Senior civil servant says DUP advisers ‘kept vital RHI information from him’
top civil servant who was in charge of the Renewable Heat Incentive has told a public inquiry into the botched green energy scheme that DUP advisers kept vital information from him.
Dr Andrew McCormick was the permanent secretary of the Department for Enterprise (Deti) which launched the RHI in 2012.
He faced extensive questioning yesterday about the summer of 2015, when serious concerns emerged about the scheme’s cost controls.
During his evidence to the RHI inquiry, he claimed DUP special advisers, or ‘spads’, Timothy Cairns and Andrew Crawford knew the reality of the risks but deliberately did not inform him.
Dr McCormick also faced uncomfortable questions from the panel about why he and other senior officials failed to pick up on multiple warning signs.
In July 2015, Andrew Crawford wrote to Timothy Cairns to outline the dangers of a spike in RHI applications and the abuse by some poultry producers.
Dr McCormick said this meant they had an obligation to act, calling it “an incredible lost opportunity” as it was “crystal clear” they understood the problem.
Panel member Dame Una O’Brien asked if the special advisers were keeping the information from him.
“Yes, that’s what happened,” he said.
“It seems very clear to me that it is withholding information that was relevant.”
This contradicted previous evidence by Mr Cairns, who said he raised the matter with Chris Stewart, Dr McCormick’s deputy at the time.
Mr Stewart said he’d been told of a potential spike in RHI applications and of allegations the scheme was being abused.
Dr McCormick said his officials would have picked up on this if Mr Cairns had been more direct.
Inquiry counsel David Scoffield, however, said it appeared that unless Deti officials were given highly direct evidence “not very much gets done”.
Earlier in his evidence, Dr McCormick was asked if he felt let down by his officials.
“I feel we’ve missed a big opportunity, that seems to imply a collective responsibility on all of us to have fought more, asked more,” he said.
“This element feels like a collective failure.”
He added: “I should have had a better grip on detail.”
Panel member Dr Keith MacLean challenged this, saying “it’s not really nitty gritty” but a fundamental principle of the scheme.
Explaining the thinking in Deti at the time, Dr McCormick said officials had been caught up in “a celebration of success” after a huge spike in RHI applications in the summer of 2015.
The apparent success had followed years of frustration over a low uptake, but they failed to realise the scheme was being abused.
Inquiry chair Sir Patrick Coghlin raised the matter of how some industry figures promoting RHI that year using leaflets with the phrases ‘cash for ash,’ and ‘burn to earn’.
Asking how this failed to be reported back to Deti officials, Dr McCormick declined to comment in detail as he said this could jeopardise an ongoing disciplinary process.
During the summer of 2015, the renewable energy firm Solmatix sent a letter to Deti officials.
It warned some “unscrupulous beneficiaries” were taking advantage of the scheme while many within the poultry sector were going further and actively exploiting it.
Dr McCormick said that he wasn’t made aware of this, but that it should “absolutely” have been passed to the internal auTHE dit as well as to senior managers.
Until relatively recently, he said he thought the only whistleblower was Janette O’Hagan who warned Deti of abuse to the scheme.
“Some knew and didn’t tell.
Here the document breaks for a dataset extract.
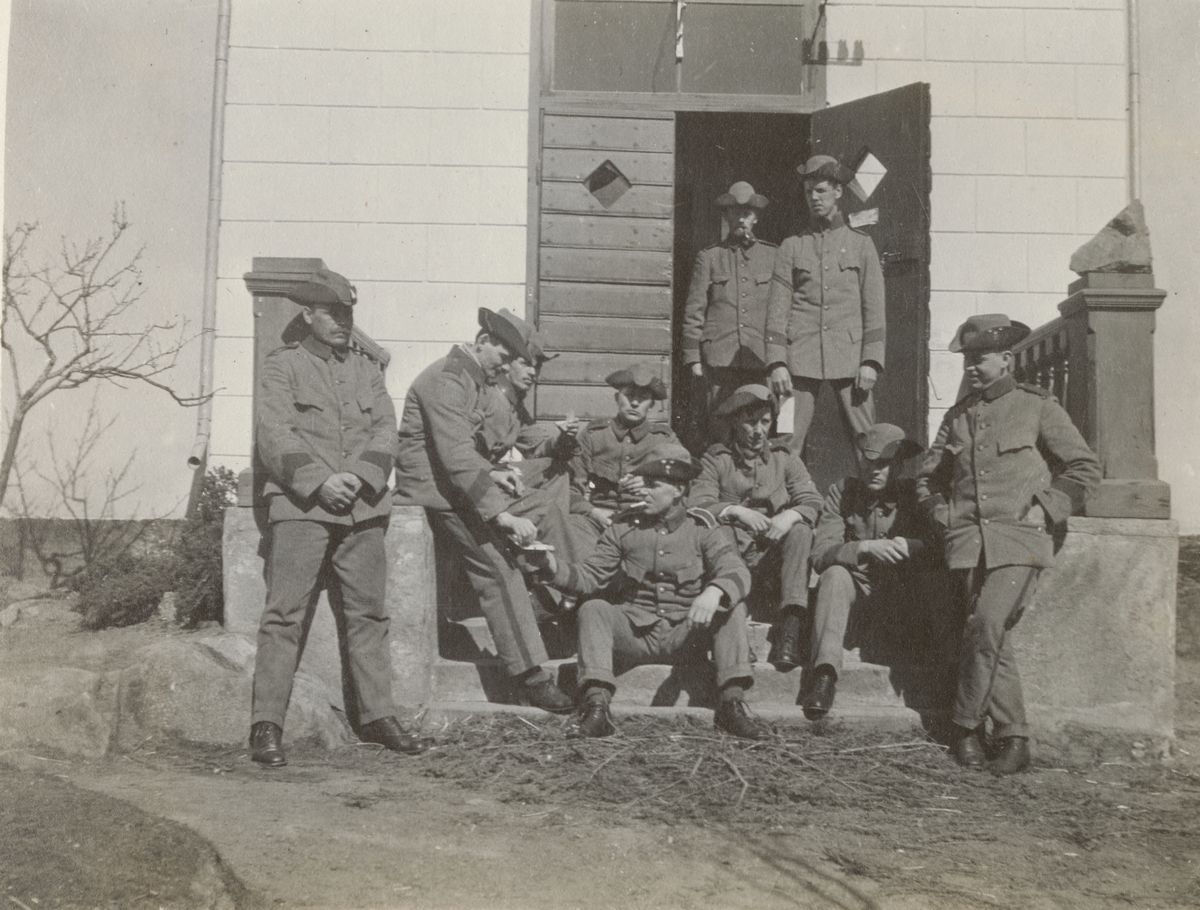 Titel: Gruppfoto med soldater från Göta livgarde I 2 framför ett trähus.

Those who knew and tried to tell us deserve credit and shame on us for not having noticed,” he said.
Yesterday’s evidence also focused on an urgent submission made to the Deti Minister at the time, Jonathan Bell, in July 2015 about the need to address cost controls.
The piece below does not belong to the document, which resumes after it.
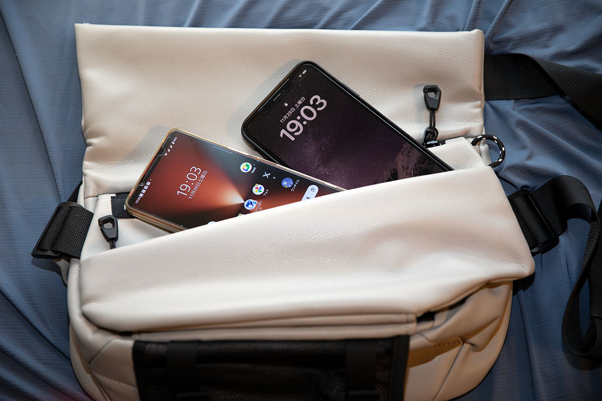 銀行やATMを回る際の通帳ケースは、これまでのサコッシュではパンパンに膨れて、他にスマホなどが入れにくくなっていたのですが、こちらのスリングバッグではマチが広いため分厚い通帳ケースも難なく入り、しかも縦に入れることができるので整理もしやすそうです。

Asked if this was appropriately red-flagged, Dr McCormick said: “No, the word urgent is not sufficient in this context.”
He said the submission took nearly two months to turn around, when it would normally have taken Mr Bell a week.
“He could be quick when he wanted to be. At one stage in September 2015 we saw him clear 10 submissions in 10 minutes,” he said.
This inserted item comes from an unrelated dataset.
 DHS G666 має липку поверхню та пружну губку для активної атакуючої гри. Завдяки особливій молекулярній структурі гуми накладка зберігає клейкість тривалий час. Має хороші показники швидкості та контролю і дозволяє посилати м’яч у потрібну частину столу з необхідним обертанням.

“I’m not sure how much they were read, he was at the other end of a phone. I have my suspicions on that.”
Mr Bell had previously said the delay was because he was not made aware of this before going on holiday that summer, or immediately when he returned.
Dr McCormick said Timothy Cairns had shown a reluctance in processing the submission, but admitted there was no reason civil servants didn’t raise the matter with Mr Bell directly.